17 Aug 2023

We are happy to introduce WISE Guest Professor Prof. Yury Gogotsi.

Yury is one of our speakers at the Welcome Meeting conference, August 28-30.

Yury Gogotsi is a Distinguished University Professor and Charles T. and Ruth M. Bach Endowed Chair in the Department of Materials Science and Engineering at Drexel University, Philadelphia, USA. He also serves as Director of the A.J. Drexel Nanomaterials Institute.

He has received numerous awards for his research including the Ceramic Prize from the World Academy of Ceramics, the Materials Research Society (MRS) Medal, the American Chemical Society (ACS) Award in the Chemistry of Materials, etc. He has been elected a Fellow of the National Academy of Inventors, the World Academy of Ceramics, the European Academy of Sciences, and many professional societies.
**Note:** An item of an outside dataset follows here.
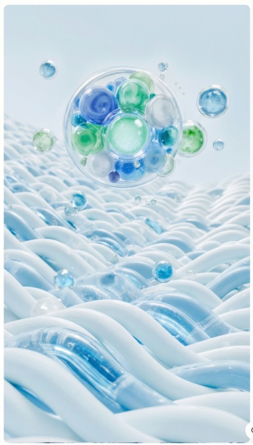 超写实3D渲染,整体色调变换为清新蓝白渐变,柔和的顶光源照亮画面,营造纯净通透的氛围。画面中心是一个半透明的基因双螺旋,内部包含分子结构模型和悬浮的小气泡,双螺旋被流畅的波浪状液体环绕,液体呈现出清澈的蓝白色,带有细腻的光泽和高光。周围散布着大小不一的透明小分子结构模型,整体元素排布规整对称,保持液体的动态感与流动性,背景为渐变的浅蓝白色,干净简洁,无任何文字和标识,突出主体的科技感与纯净美感。

He holds honorary doctorates from several European Universities.

When are you planning to visit Sweden?
-My next visit to Sweden is planned for the end of August 2023, when I will be attending the WISE Welcome meeting. I’ll visit again in mid-November 2023 to serve as an official opponent on a Ph.D. defense at Linköping University. A longer visit is planned for 2024.

 Are there any research activities planned?
-We have already published a couple of joint papers with my colleagues at Linköping University, who are European leaders in research on MXenes -a large and quickly growing family of two-dimensional carbides and nitrides that we discovered with my colleagues and students at Drexel University more than a decade ago. I look forward to expanding our highly productive collaboration with the WISE team members and I envision organizing a workshop on MXenes in Sweden. I hope to get a chance to visit all 6 universities involved in the WISE program.

Can you tell us about your own research?
-My research is currently focused on Mxenes, which are nanometer-thin 2D flakes with extreme strength, high electrical conductivity, and the ability to strongly interact with electromagnetic waves across the entire spectrum, from ultraviolet and visible light to radio waves.  MXenes can potentially be used in applications ranging from photonics to cancer treatment, to shielding electronics from electromagnetic noise and protecting people from harmful strong fields to printable antennas and flexible/wearable electronics. In my lab, we work on discovering new MXenes and MAX phase precursors, decreasing the cost and improving the safety of MXene synthesis (looking for more sustainable manufacturing processes), exploring properties of MXenes, and developing applications (usually, in collaboration with experts in specific fields). We look forward to new exciting discoveries coming from our collaboration with Swedish researchers!

Could you share your thoughts on the challenges materials science faces to promote a sustainable society?
-Materials manufacturing is a major source of environmental pollution (think of the mining and steel industry) and this is a major challenge for us. Materials we produce for our needs also create waste and pollution (think of packaging and microplastics), if they are not degradable and cannot be recycled.  By developing nanomaterials and miniaturizing devices, we can decrease the total volume of manufactured materials. By replacing toxic elements (for example, cadmium and lead) with more benign ones, such as titanium and zinc, we can minimize the negative impact on humans and the environment.  Recycling and environmental degradability will be increasingly important and should be considered when developing new materials for a sustainable society.  Materials are not a cause of the problem – they are a solution.